# Work to complete:
Exact repetition of a range: find the line containing "Nativo Yorkshire Terrier" and the line containing "греться — не отогреется." in the material below, then repeat both and all lines between them, leaving pictures out.

# Given information:
- - -
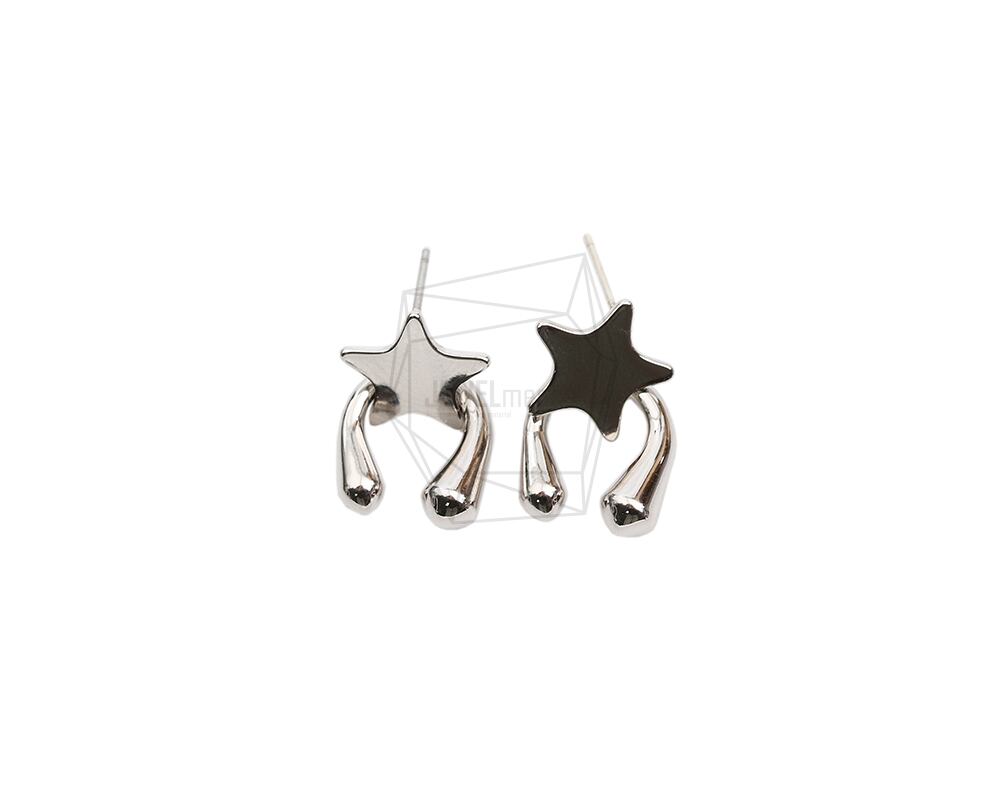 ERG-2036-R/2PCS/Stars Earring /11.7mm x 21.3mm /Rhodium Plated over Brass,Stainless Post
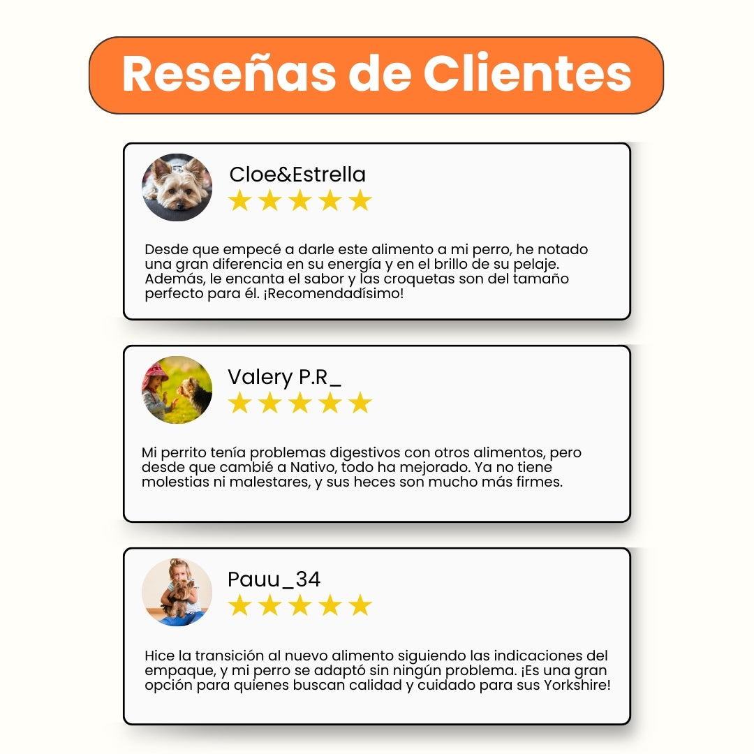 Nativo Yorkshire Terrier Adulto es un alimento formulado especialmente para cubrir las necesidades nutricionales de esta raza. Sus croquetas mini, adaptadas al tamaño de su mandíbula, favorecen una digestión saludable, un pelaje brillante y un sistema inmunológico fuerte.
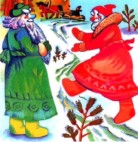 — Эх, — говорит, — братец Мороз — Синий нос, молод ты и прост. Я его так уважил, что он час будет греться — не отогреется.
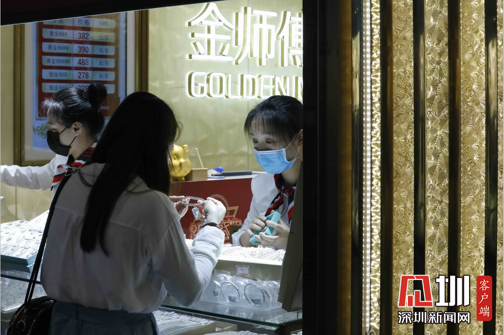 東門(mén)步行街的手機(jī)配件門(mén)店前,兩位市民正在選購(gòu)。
- - -
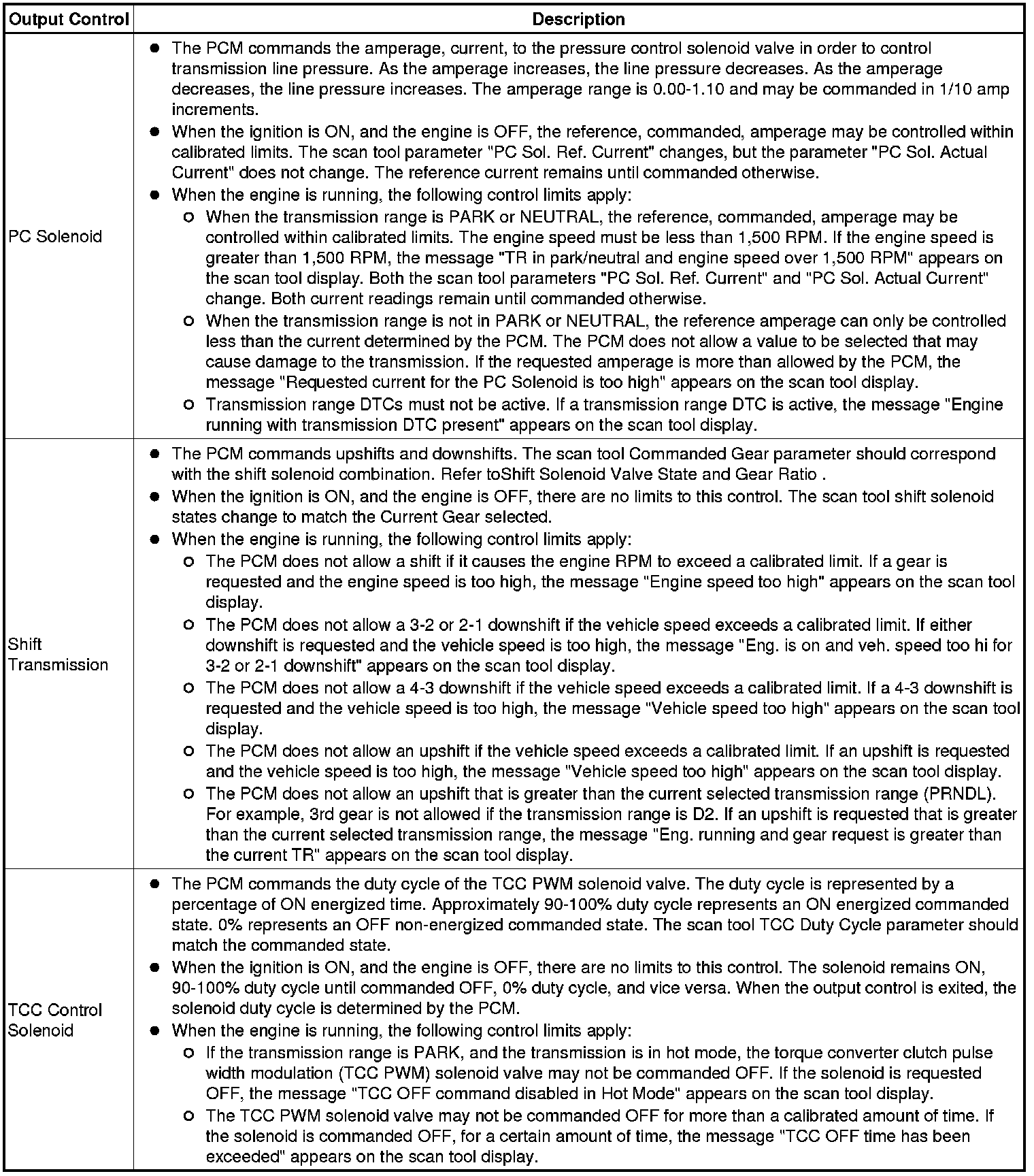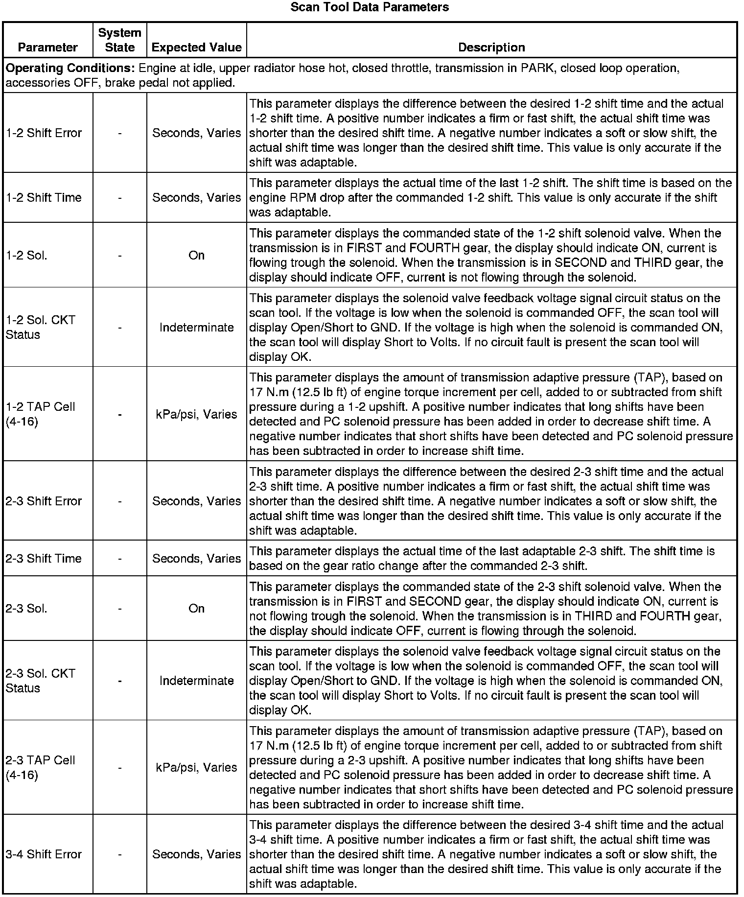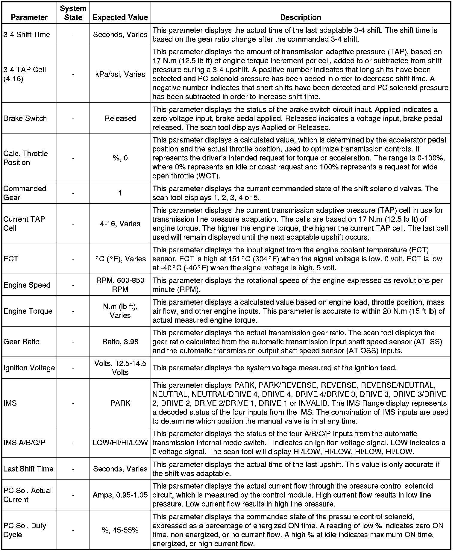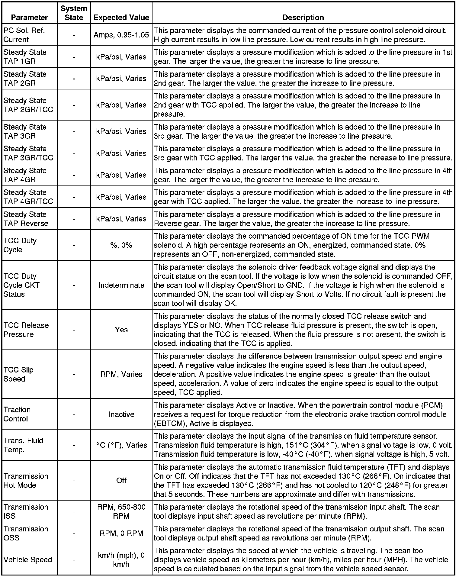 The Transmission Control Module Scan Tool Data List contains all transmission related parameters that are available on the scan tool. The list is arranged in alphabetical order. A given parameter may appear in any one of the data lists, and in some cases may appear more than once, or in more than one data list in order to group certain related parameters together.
- - -
# Answer to this problem:
 Nativo Yorkshire Terrier Adulto es un alimento formulado especialmente para cubrir las necesidades nutricionales de esta raza. Sus croquetas mini, adaptadas al tamaño de su mandíbula, favorecen una digestión saludable, un pelaje brillante y un sistema inmunológico fuerte.
 — Эх, — говорит, — братец Мороз — Синий нос, молод ты и прост. Я его так уважил, что он час будет греться — не отогреется.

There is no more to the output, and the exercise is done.